> [Task statement]:
Reproduce the listing below exactly, except for its pictures.

> [Provided data]:
######
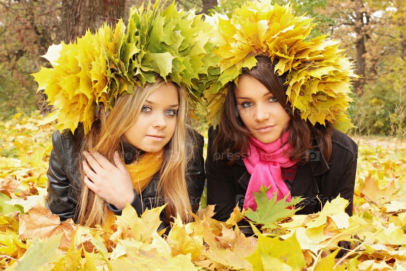 Молодые женщины в венках из осенних листьев
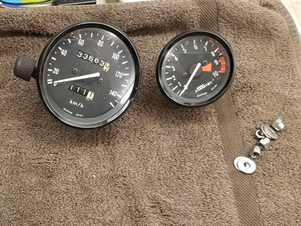 Leider hat der Drehzahlmesser oben an der Kante eine kleine Beule. Sonst sehen die Instrumente noch recht gut aus. So mag ich sie aber nicht wieder anbauen. Die Beule sieht man sofort und würde mich immer stören. Also schleife ich den Lack an und mische einen kleinen Klecks 2K Spachtelmasse an. Wärend der Trocknungszeit beschäftige ich mich mit einem anderen kleinen optischen Mangel.
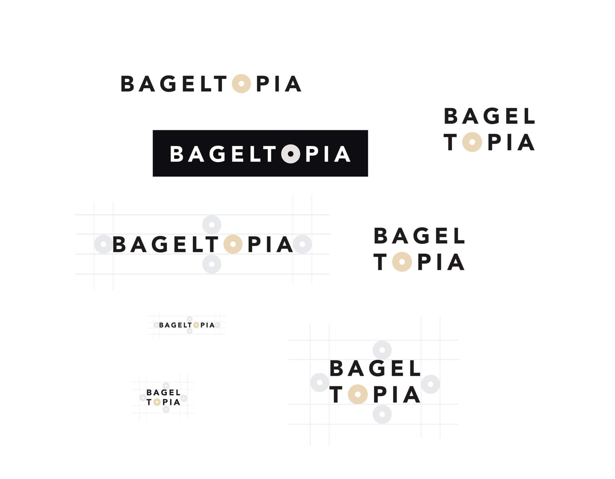 Several early sketches The final Bageltopia logo. Logo orientations Stationery
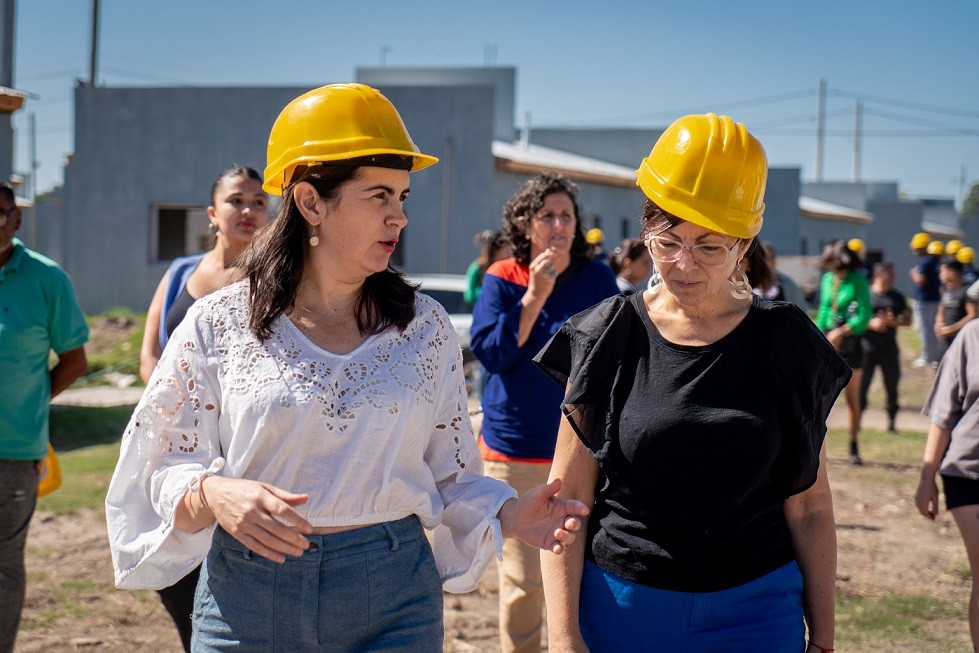 La intendenta de Moreno, Mariel Fernández, y la ministra de Hábitat y Desarrollo Urbano, Silvina Batakis, recorrieron la obra de 116 viviendas en el barrio La Perla de la localidad de Moreno Norte
######
> [Task answer]:
 Молодые женщины в венках из осенних листьев
 Leider hat der Drehzahlmesser oben an der Kante eine kleine Beule. Sonst sehen die Instrumente noch recht gut aus. So mag ich sie aber nicht wieder anbauen. Die Beule sieht man sofort und würde mich immer stören. Also schleife ich den Lack an und mische einen kleinen Klecks 2K Spachtelmasse an. Wärend der Trocknungszeit beschäftige ich mich mit einem anderen kleinen optischen Mangel.
 Several early sketches The final Bageltopia logo. Logo orientations Stationery
 La intendenta de Moreno, Mariel Fernández, y la ministra de Hábitat y Desarrollo Urbano, Silvina Batakis, recorrieron la obra de 116 viviendas en el barrio La Perla de la localidad de Moreno Norte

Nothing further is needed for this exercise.